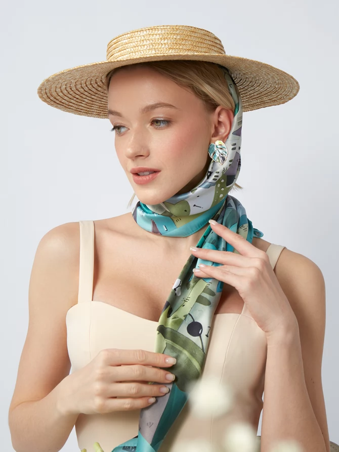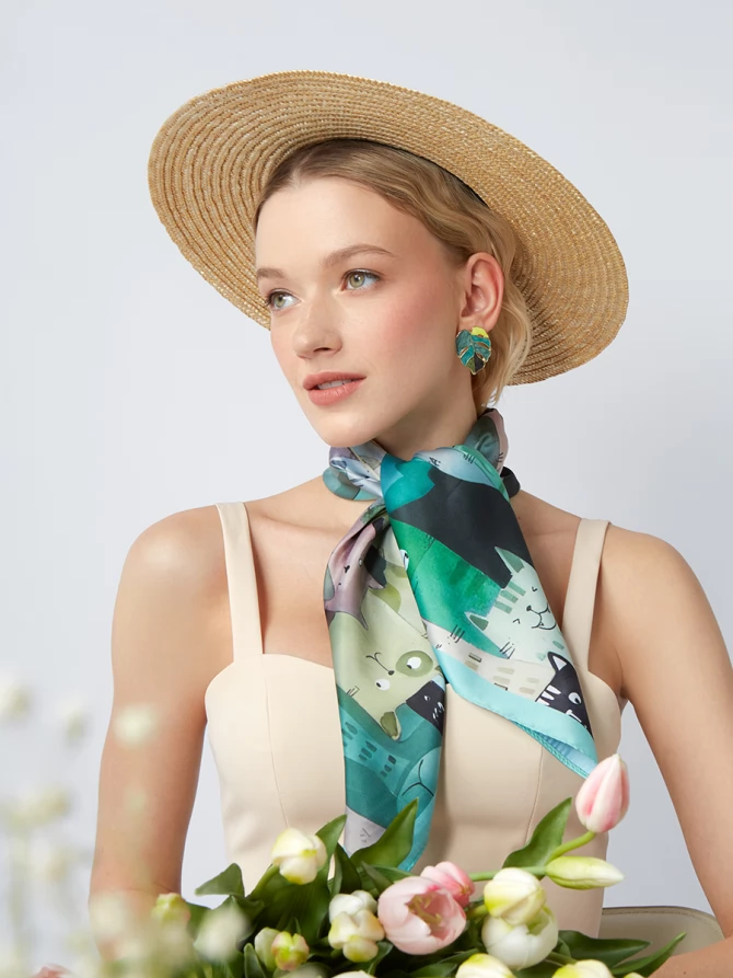 Этот аксессуар не только красив, но и удивительно универсален. Вы можете носить его традиционно на шее, как элегантный акцент, или использовать в качестве стильной повязки для волос. Завяжите его на ручку сумки, чтобы придать повседневному образу шик и индивидуальность. Он прекрасно дополнит как деловой костюм, так и легкое летнее платье, подчеркивая вашу женственность и чувство стиля.
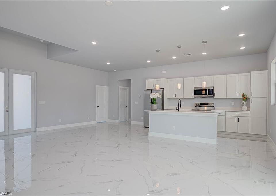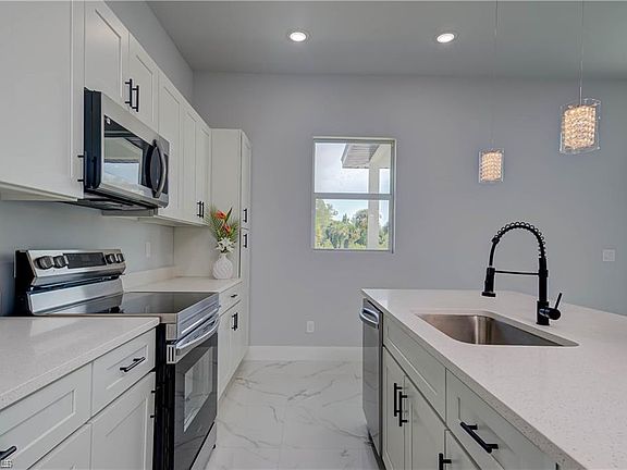 Enjoy the Florida lifestyle in this beautifully detailed, move-in ready new construction home! This property offers 3 bedrooms plus a den, 2 bathrooms, an open floor plan, and a double-car garage. Interior highlights include 24x24 tile flooring throughout, stainless steel appliances, quartz countertops, LED light fixtures, 10 ft ceilings, soft shaker cabinetry, and impact windows for enhanced safety and style. The laundry room is equipped with a Samsung washer and dryer . Built for comfort and durability, the home also includes a full sprinkler system to keep your lawn lush year-round. The open layout features a spacious living area, a deluxe kitchen, and a dining room, making it ideal for entertaining. The primary suite includes a large walk-in closet, dual vanities, and a walk-in shower. Located near SWFL International Airport, FGCU, shopping centers, and dining, this home offers easy access to all the best of Southwest Florida.
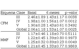 El promedio global de la CrSr de los pacientes tratados con CFM fue de 2.06±1.18. Se encontró que la CFM tuvo una respuesta significativa en las clases III y IV, con un delta de 1.03±0.72 para la Clase III y de 0.42±0.07 la clase IV, y aunque no se observó un delta significativo para la clase V, se observó una disminución del parámetro (mejoría). A nivel global se observó un marcado descenso de la CrSr (p=0,0025), evidenciando la acción de la CFM en la mejoría para este parámetro (Tabla 4).
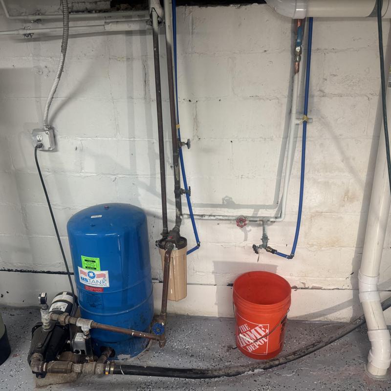A plumber in Milford, Michigan replaced a bladder tank and 10 feet of 3/4-inch copper pipe. The replacement resolved low water pressure caused by iron buildup in the old piping system.
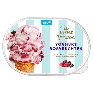 Tot op de dag van vandaag staat Hertog IJs voor heerlijk roomijs, bereid met de lekkerste ingrediënten. Met aandacht samengesteld om samen van te genieten. Hertog heeft verschillende smaken die je doen watertanden bij de gedachte, en ook nog eens voor iedereen! Of je op zoek bent naar een simpele basis voor jouw toetje, of een toetje waar je helemaal niks meer aan hoeft te doen. Ook kan je met Hertog ijs een heerlijk dessert maken voor de feestdagen. Met Hertog IJs creëer je overal en op elk moment een heus spektakel. Zo ook met de bijzondere smaak Hertog Ijssalon Yoghurt Bosvruchten. Een heerlijke combinatie van fris yoghurtijs en zachte bosvruchtensaus bedekt met lekkere stukjes bosvruchten. Deze smaaksensatie is daarom ook echt een ijsspecialiteit onder het ijs, die de liefhebbers van yoghurtijs zeker niet kunnen laten staan. Heerlijk om samen van te genieten met vrienden of familie. Benieuwd naar de andere smaken van Hertog IJs? Kijk op Hertogijs.nl voor al onze andere smaken en heerlijke recepten. Hertog Ijssalon Yoghurt Bosvruchten is met passie gecreëerd door onze ervaren ijsmeesters en bereid met zorgvuldig geselecteerde ingrediënten, zonder kunstmatige kleur- en smaakstoffen. Heerlijk in een bakje of op een hoorntje en lekker om samen van te genieten. Hertog, helemaal goed, sinds 1976.
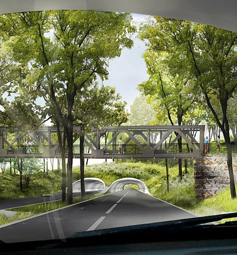 The Gathering Place will offer some 60 miles of trails, connecting the park to the Arkansas River and the rest of the city. MVVA designed land bridges to cover Riverside Drive, a major commuter route, helping to instill the sense of "being in the outdoors." The bridges will "muffle vehicle noise pollution." The problem now, Mayor Bynum said, is "everyone in Tulsa wants a land bridge -- and they cost about $30 million a pop."
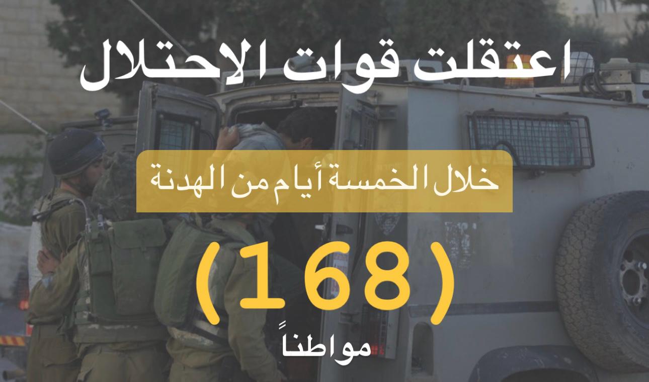 نادي الأسير: اعتقلت قوات الاحتلال خلال الخمسة أيام من الهدنة (168) مواطناً.
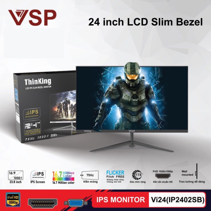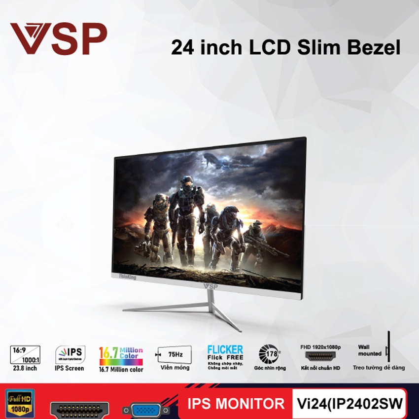 Màn hình LCD VSP Vi24(IP2402SW/B)được trang bị công nghệ IPS màn hình VSP ThinKing có kích thước tấm nền màn hình 23.8, tầng số quét làm tươi 75Hz với hiển thị full HD 1920x1080p. màn hình IPS VSP ThinKing hoàn hảo cho không gian làm việc thiết kế nội thất, lập trình, mã hóa & thiết kế trang web; xem các ứng dụng, bảng tính và nhiều hơn nữa.
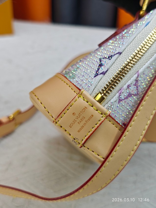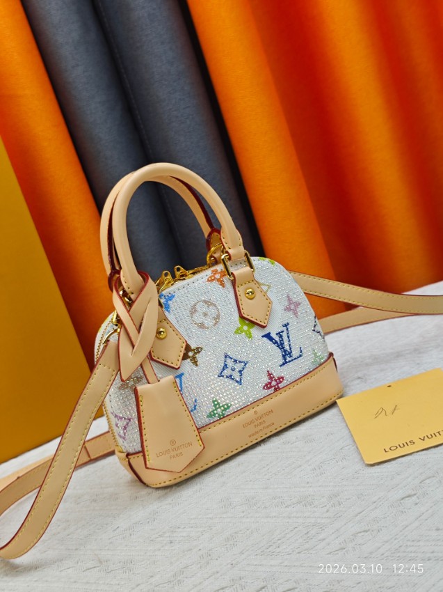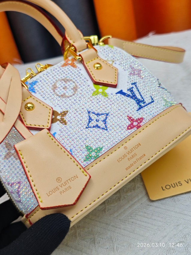 商品説明:ルイヴィトンの人気ライン「アルマ」をベースにしたスーパーコピー 届くミニバッグは、ホワイトカラーのボディにマルチカラーのモノグラムをあしらい、さらにビジュー装飾を施した華やかなデザインが特徴です。光を受けて輝くディテールが上品さと存在感を引き立て、コーディネートのアクセントとしても優秀。ヌメ革ハンドルとゴールド金具の組み合わせが高級感を演出し、ブランドらしいエレガントな雰囲気を際立たせます。ショルダーストラップ付きで2WAY使用が可能なため、ハンドバッグとしても斜め掛けバッグとしても活躍。コンパクトサイズながら財布やスマートフォンなどの必需品をしっかり収納でき、日常使いからお出かけまで幅広いシーンに対応します。アルマシリーズの魅力を存分に楽しめる、レディースミニバッグとしておすすめの一品です。
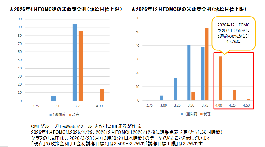 日本時間3/23(月)13時30分時点における、米金融政策の織り込み状況を示す「Fedウオッチ」(図表6)を見ると、米金融緩和期待の後退を受け、米国では長期金利が上昇しました。金利面での米国の魅力が回復方向に向かったこともあり、安全資産とされてきた金先物価格は急落するなど、金融市場は全体として波乱含みの動きとなっています。
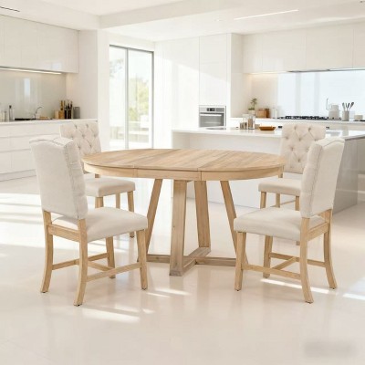 Designed for everyday meals and casual gatherings, this 5-piece dining set brings warm, classic style to kitchens and dining rooms. The square table features a durable MDF top with a natural wood finish, while the four ladder-back chairs offer comfortable seating and sturdy rubber wood frames. Compact and versatile, it fits easily in apartments, breakfast nooks, or small dining spaces, creating a welcoming spot for meals and conversation.
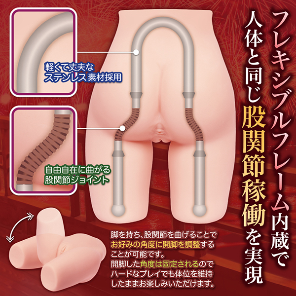 フレキシブルフレームによる股関節可動で正常位では締まりが変わり、後背位ではリアルなお尻を突き出すポーズが、安定した騎乗位や股下デルタによる素股も楽しめる!軽くて丈夫なステンレス素材を採用しているので開脚の調整によるハードなプレイでも安心。

+++++

**Work instructions**:
Please reproduce the entries above exactly, omitting every picture.

**Answer below**:
 Этот аксессуар не только красив, но и удивительно универсален. Вы можете носить его традиционно на шее, как элегантный акцент, или использовать в качестве стильной повязки для волос. Завяжите его на ручку сумки, чтобы придать повседневному образу шик и индивидуальность. Он прекрасно дополнит как деловой костюм, так и легкое летнее платье, подчеркивая вашу женственность и чувство стиля.
 Enjoy the Florida lifestyle in this beautifully detailed, move-in ready new construction home! This property offers 3 bedrooms plus a den, 2 bathrooms, an open floor plan, and a double-car garage. Interior highlights include 24x24 tile flooring throughout, stainless steel appliances, quartz countertops, LED light fixtures, 10 ft ceilings, soft shaker cabinetry, and impact windows for enhanced safety and style. The laundry room is equipped with a Samsung washer and dryer . Built for comfort and durability, the home also includes a full sprinkler system to keep your lawn lush year-round. The open layout features a spacious living area, a deluxe kitchen, and a dining room, making it ideal for entertaining. The primary suite includes a large walk-in closet, dual vanities, and a walk-in shower. Located near SWFL International Airport, FGCU, shopping centers, and dining, this home offers easy access to all the best of Southwest Florida.
 El promedio global de la CrSr de los pacientes tratados con CFM fue de 2.06±1.18. Se encontró que la CFM tuvo una respuesta significativa en las clases III y IV, con un delta de 1.03±0.72 para la Clase III y de 0.42±0.07 la clase IV, y aunque no se observó un delta significativo para la clase V, se observó una disminución del parámetro (mejoría). A nivel global se observó un marcado descenso de la CrSr (p=0,0025), evidenciando la acción de la CFM en la mejoría para este parámetro (Tabla 4).
A plumber in Milford, Michigan replaced a bladder tank and 10 feet of 3/4-inch copper pipe. The replacement resolved low water pressure caused by iron buildup in the old piping system.
 Tot op de dag van vandaag staat Hertog IJs voor heerlijk roomijs, bereid met de lekkerste ingrediënten. Met aandacht samengesteld om samen van te genieten. Hertog heeft verschillende smaken die je doen watertanden bij de gedachte, en ook nog eens voor iedereen! Of je op zoek bent naar een simpele basis voor jouw toetje, of een toetje waar je helemaal niks meer aan hoeft te doen. Ook kan je met Hertog ijs een heerlijk dessert maken voor de feestdagen. Met Hertog IJs creëer je overal en op elk moment een heus spektakel. Zo ook met de bijzondere smaak Hertog Ijssalon Yoghurt Bosvruchten. Een heerlijke combinatie van fris yoghurtijs en zachte bosvruchtensaus bedekt met lekkere stukjes bosvruchten. Deze smaaksensatie is daarom ook echt een ijsspecialiteit onder het ijs, die de liefhebbers van yoghurtijs zeker niet kunnen laten staan. Heerlijk om samen van te genieten met vrienden of familie. Benieuwd naar de andere smaken van Hertog IJs? Kijk op Hertogijs.nl voor al onze andere smaken en heerlijke recepten. Hertog Ijssalon Yoghurt Bosvruchten is met passie gecreëerd door onze ervaren ijsmeesters en bereid met zorgvuldig geselecteerde ingrediënten, zonder kunstmatige kleur- en smaakstoffen. Heerlijk in een bakje of op een hoorntje en lekker om samen van te genieten. Hertog, helemaal goed, sinds 1976.
 The Gathering Place will offer some 60 miles of trails, connecting the park to the Arkansas River and the rest of the city. MVVA designed land bridges to cover Riverside Drive, a major commuter route, helping to instill the sense of "being in the outdoors." The bridges will "muffle vehicle noise pollution." The problem now, Mayor Bynum said, is "everyone in Tulsa wants a land bridge -- and they cost about $30 million a pop."
 نادي الأسير: اعتقلت قوات الاحتلال خلال الخمسة أيام من الهدنة (168) مواطناً.
 Màn hình LCD VSP Vi24(IP2402SW/B)được trang bị công nghệ IPS màn hình VSP ThinKing có kích thước tấm nền màn hình 23.8, tầng số quét làm tươi 75Hz với hiển thị full HD 1920x1080p. màn hình IPS VSP ThinKing hoàn hảo cho không gian làm việc thiết kế nội thất, lập trình, mã hóa & thiết kế trang web; xem các ứng dụng, bảng tính và nhiều hơn nữa.
 商品説明:ルイヴィトンの人気ライン「アルマ」をベースにしたスーパーコピー 届くミニバッグは、ホワイトカラーのボディにマルチカラーのモノグラムをあしらい、さらにビジュー装飾を施した華やかなデザインが特徴です。光を受けて輝くディテールが上品さと存在感を引き立て、コーディネートのアクセントとしても優秀。ヌメ革ハンドルとゴールド金具の組み合わせが高級感を演出し、ブランドらしいエレガントな雰囲気を際立たせます。ショルダーストラップ付きで2WAY使用が可能なため、ハンドバッグとしても斜め掛けバッグとしても活躍。コンパクトサイズながら財布やスマートフォンなどの必需品をしっかり収納でき、日常使いからお出かけまで幅広いシーンに対応します。アルマシリーズの魅力を存分に楽しめる、レディースミニバッグとしておすすめの一品です。
 日本時間3/23(月)13時30分時点における、米金融政策の織り込み状況を示す「Fedウオッチ」(図表6)を見ると、米金融緩和期待の後退を受け、米国では長期金利が上昇しました。金利面での米国の魅力が回復方向に向かったこともあり、安全資産とされてきた金先物価格は急落するなど、金融市場は全体として波乱含みの動きとなっています。
 Designed for everyday meals and casual gatherings, this 5-piece dining set brings warm, classic style to kitchens and dining rooms. The square table features a durable MDF top with a natural wood finish, while the four ladder-back chairs offer comfortable seating and sturdy rubber wood frames. Compact and versatile, it fits easily in apartments, breakfast nooks, or small dining spaces, creating a welcoming spot for meals and conversation.
 フレキシブルフレームによる股関節可動で正常位では締まりが変わり、後背位ではリアルなお尻を突き出すポーズが、安定した騎乗位や股下デルタによる素股も楽しめる!軽くて丈夫なステンレス素材を採用しているので開脚の調整によるハードなプレイでも安心。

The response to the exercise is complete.